Latest randomly chosen book from my unread shelves: Delany's 1979 memoir Heavenly Breakfast. Which, as I opened it, gave me enough deja vu that I think I actually did read it before. There's a slip of paper inside, dated June '95, a note from me to my father, wishing him a happy Father's Day; I don't know whether the book was a gift to him from me or whether he was just using the slip of paper as a bookmark.

But the book is short, and I started reading or re-reading it, and it's one of those moments (I've had a few in recent months) where after weeks of reading stuff that hasn't grabbed me, there's a vividness and clarity to the prose and to the content; as if all the other non-recent writing I've been reading lately has been in dull gray, and this is a sparkly rainbow. Good stuff.

Something about the style and/or the format is making me think of Times Square Red/Times Square Blue, which I hadn't read last time I looked at Heavenly Breakfast. The casual recounting of personal incidents that illustrate ideas about the ways that people interact.

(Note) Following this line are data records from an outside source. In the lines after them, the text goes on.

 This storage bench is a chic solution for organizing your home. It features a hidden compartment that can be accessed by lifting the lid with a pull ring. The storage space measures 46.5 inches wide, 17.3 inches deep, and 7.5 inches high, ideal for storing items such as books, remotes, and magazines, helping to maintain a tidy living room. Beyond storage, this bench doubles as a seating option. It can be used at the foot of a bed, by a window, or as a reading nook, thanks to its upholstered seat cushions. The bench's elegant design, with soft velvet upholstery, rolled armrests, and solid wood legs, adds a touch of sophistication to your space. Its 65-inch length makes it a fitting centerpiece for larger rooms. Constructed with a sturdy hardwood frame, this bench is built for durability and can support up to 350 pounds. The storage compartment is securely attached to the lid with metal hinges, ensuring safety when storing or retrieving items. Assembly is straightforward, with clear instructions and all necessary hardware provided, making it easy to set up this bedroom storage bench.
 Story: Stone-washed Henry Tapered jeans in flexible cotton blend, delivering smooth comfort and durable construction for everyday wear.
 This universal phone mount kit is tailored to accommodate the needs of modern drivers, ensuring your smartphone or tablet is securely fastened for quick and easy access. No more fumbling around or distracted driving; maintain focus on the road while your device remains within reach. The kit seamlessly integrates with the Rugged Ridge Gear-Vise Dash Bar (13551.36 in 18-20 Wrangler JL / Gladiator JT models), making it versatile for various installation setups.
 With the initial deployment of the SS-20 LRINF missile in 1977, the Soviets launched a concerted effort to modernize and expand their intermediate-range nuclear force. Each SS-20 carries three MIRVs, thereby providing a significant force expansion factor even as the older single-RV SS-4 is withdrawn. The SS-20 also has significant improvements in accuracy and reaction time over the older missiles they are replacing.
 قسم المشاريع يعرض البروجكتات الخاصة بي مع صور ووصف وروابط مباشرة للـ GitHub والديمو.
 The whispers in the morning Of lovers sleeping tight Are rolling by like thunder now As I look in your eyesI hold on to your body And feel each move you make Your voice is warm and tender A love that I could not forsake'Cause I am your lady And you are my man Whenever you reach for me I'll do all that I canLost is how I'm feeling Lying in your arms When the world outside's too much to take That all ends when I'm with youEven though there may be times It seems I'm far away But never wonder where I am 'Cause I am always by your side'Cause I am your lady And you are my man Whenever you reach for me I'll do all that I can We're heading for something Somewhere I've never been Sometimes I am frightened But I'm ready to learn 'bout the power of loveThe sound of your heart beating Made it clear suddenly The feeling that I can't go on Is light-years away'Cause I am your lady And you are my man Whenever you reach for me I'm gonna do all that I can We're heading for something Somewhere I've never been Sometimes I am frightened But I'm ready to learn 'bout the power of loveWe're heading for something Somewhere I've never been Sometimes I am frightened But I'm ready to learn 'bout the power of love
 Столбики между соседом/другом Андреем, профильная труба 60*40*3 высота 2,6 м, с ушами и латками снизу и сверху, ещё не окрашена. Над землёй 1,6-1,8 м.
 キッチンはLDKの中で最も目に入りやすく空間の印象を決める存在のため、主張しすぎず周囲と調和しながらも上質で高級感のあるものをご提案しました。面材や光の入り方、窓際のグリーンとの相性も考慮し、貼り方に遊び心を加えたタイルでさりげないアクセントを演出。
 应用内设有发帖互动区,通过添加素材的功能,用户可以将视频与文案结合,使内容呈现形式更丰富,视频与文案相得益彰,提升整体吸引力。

I think it's also interacting nicely in my head with Panshin's “How Can We Sink When We Can Fly?”, which was written half a dozen years earlier (but set a few years later), and which I read for the first time a couple of months ago, and may have been the last item from my old-unread-books shelves that I got that “wow, this is worth paying attention to” feeling from.

One Response to “Heavenly Breakfast”

  1. wild-irises

    I am a huge fan of Delany’s memoirs always, but I think Heavenly Breakfast might be the best of the lot. I haven’t reread it in many years, but three or four scenes stand out with perfect clarity.

    Also, I think it’s one of the best books I’ve ever found to convey the ’60s. Delany is older than I am, and lived far deeper into the communal world of the ’60s than I did, but the flavor feels so right to me. (Peter Coyote’s Sleeping Where I Fall is another fine book for that.)